Founder Benzi Ronen spent years working at enterprise software corporation SAP and left in 2000 to start his own companies. After having their first daughter, Ronen and his wife began to play closer attention to the food they ate as a family and grew familiar with the obstacles that existed for distributing local, seasonal, sustainable food. He set out to apply his logistics and software background to this market which was for the most part, devoid of technology.
“I saw that our food system is broken- this is making us sicker as people and making our planet sicker,” he said in an interview. “It isn’t that we need a shift in the industrial food system, we need to create a new food system based on different principles, and that alternative system needs infrastructure. We are already seeing an uptick in the number of local farms and CSA programs and the younger generation is getting back to farming. Now is the perfect time to introduce the consumer side to make eating farm fresh food more convenient.”
And thus, the team set out to create an online marketplace that eliminates the friction from buying fresh-from-harvest food. Farmigo takes a community-focused approach. Groups of people band together around a common location, like a workplace, school, or public meeting place. Through Farmigo’s network, they have access to a customized online farmer’s market, with a range of seasonal fruit, vegetables, eggs, meats, fish, baked goods, dairy, and even wine and coffee. Every week, each member of the community places an order and the orders are delivered at the same time and same place for pickup. This model offers convenience and variety, without sacrificing the degree of quality of sustainability.
“Only 1% of the population participates in CSAs, and that one-to-one relationship with the farm means you are limited to specifically what they grew that week,” he said. “Our mission was to make healthy food accessible to all households while also preserving the community feeling of farmer’s markets. We are about an economy of community instead of an economy of scale. We want the community members to rise up and be a part of the solution.”
To set up a Farmigo initiative, each community needs a “champion” to spearhead the effort. Groups must consist of 30 people or more, spending roughly $20 each. It has taken off within the startup community and early adopters include companies like Kiva, Etsy, and Carrot Creative.

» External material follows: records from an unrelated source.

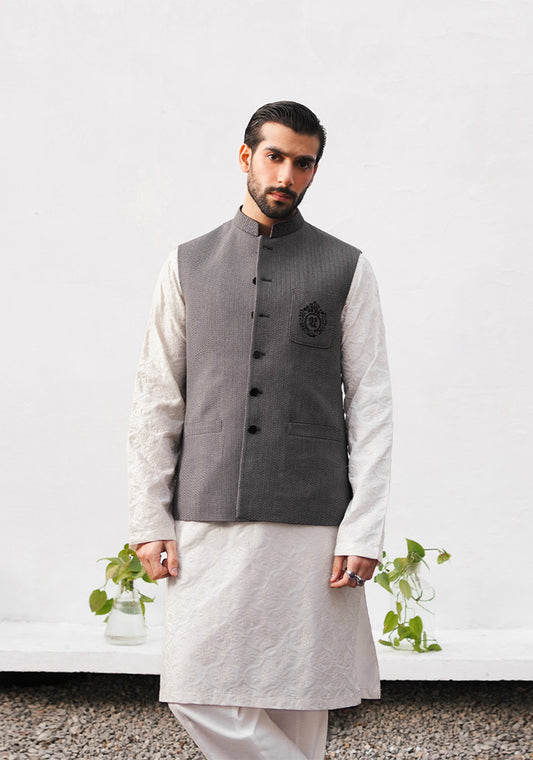 Grey herringbone waistcoat, with embroidery on pocket and front button closures.
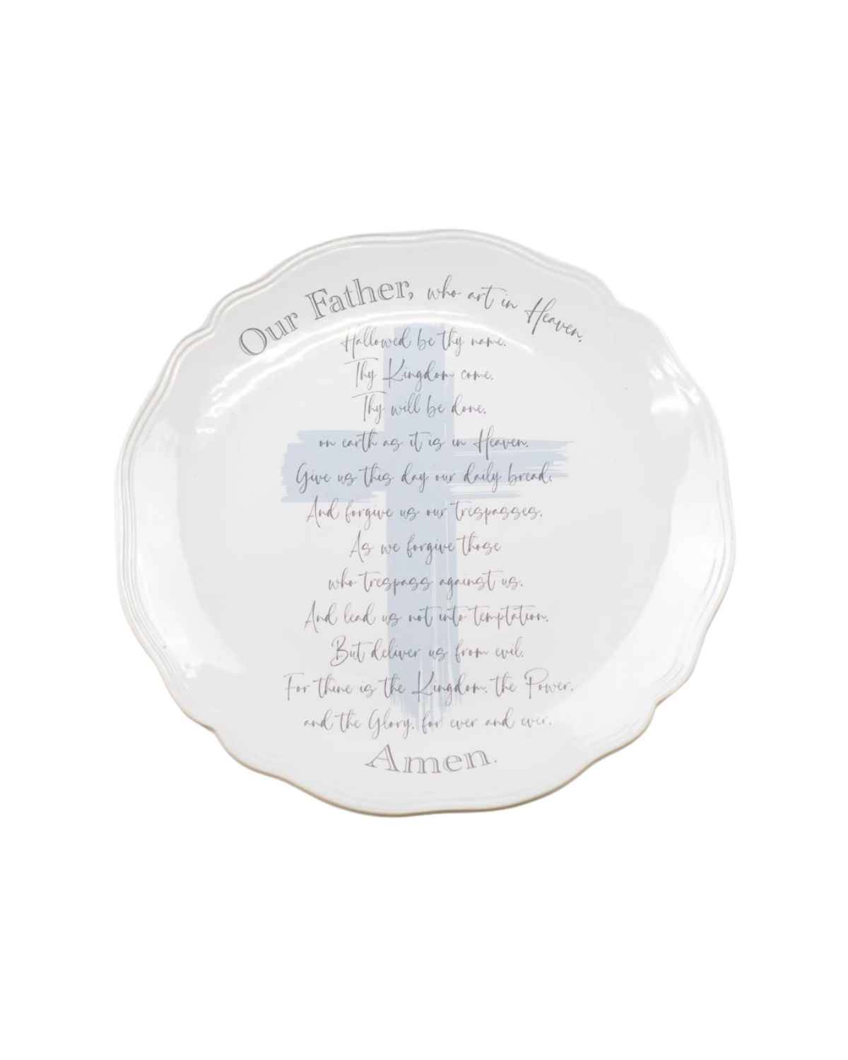 Serve up some spiritual inspiration with this charming round platter! Featuring the Lord's Prayer elegantly inscribed in gray text against a crisp white backdrop, it's both a functional piece and a meaningful conversation starter. A soft frosty blue cross peeks through behind the text, adding a touch of serene sophistication. The scalloped edges give it that classic, timeless appeal—perfect for displaying your favorite treats or hanging as a decorative reminder of faith and grace. Whether you're hosting a gathering or looking for a thoughtful gift, this platter brings a little bit of blessing to any table.
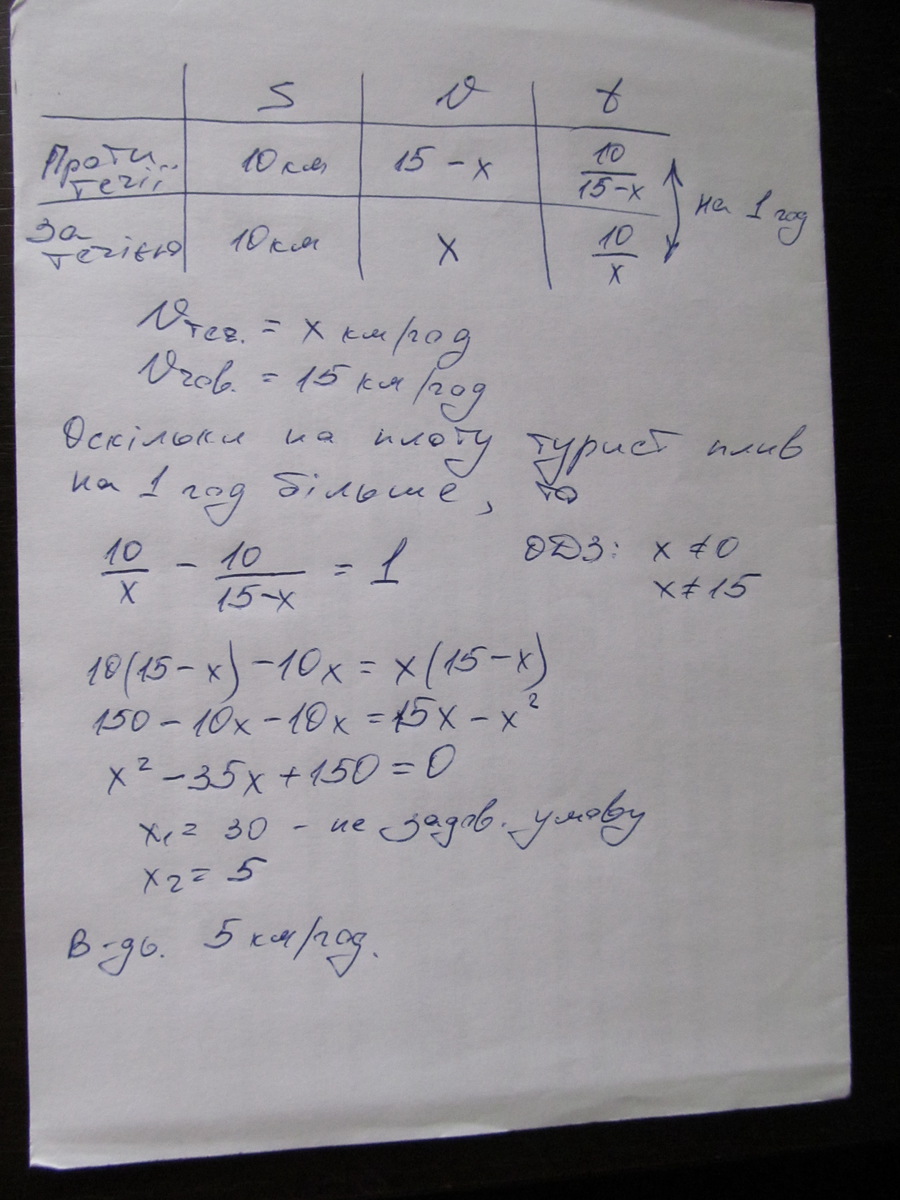 Поясніть як розв*язувати такі задачі. "Турист проплив на моторному човні 10 км проти течії річки і повернувся назад на плоту. Знайдіть швидкість течії річки, якщо на плоту турист плив на 1 год більше, ніж човном, а власна швидкість човна становить 15 км/год."

“We are finding that young companies between 100 to 500 employees tend to have the spirit of willingness to try new things, they are the early adopters of the corporate world,” Ronen said. “In these companies, creativity and entrepreneurship are welcome and we are seeing that companies are starting to innovate around this. Many are integrating it into their health and wellness programs, using Farmigo credits as rewards for achieving milestones, and hold cooking competitions or recipe sharing events.”
Setting up a Farmigo community is currently available in Northern California and New York City. In conjunction with the initiative’s launch, Farmigo also announced the $8 million investment to continue spreading its platform nationwide. This is a hefty round for a food startup, which Ronen attributes to the company’s emphasis on the “non-sexy side of food.”
Farmigo’s back end enables farms to track what they are harvesting, manage their orders, organize distribution and packing, and facilitate delivery. This consumer-facing side closes the whole loop and investors trust in the potential for stability and growth. This second round was led by Sherbrooke Capital and RSF Social Finance, and joined by Benchmark Capital, which led the Series A of $2 million in 2009.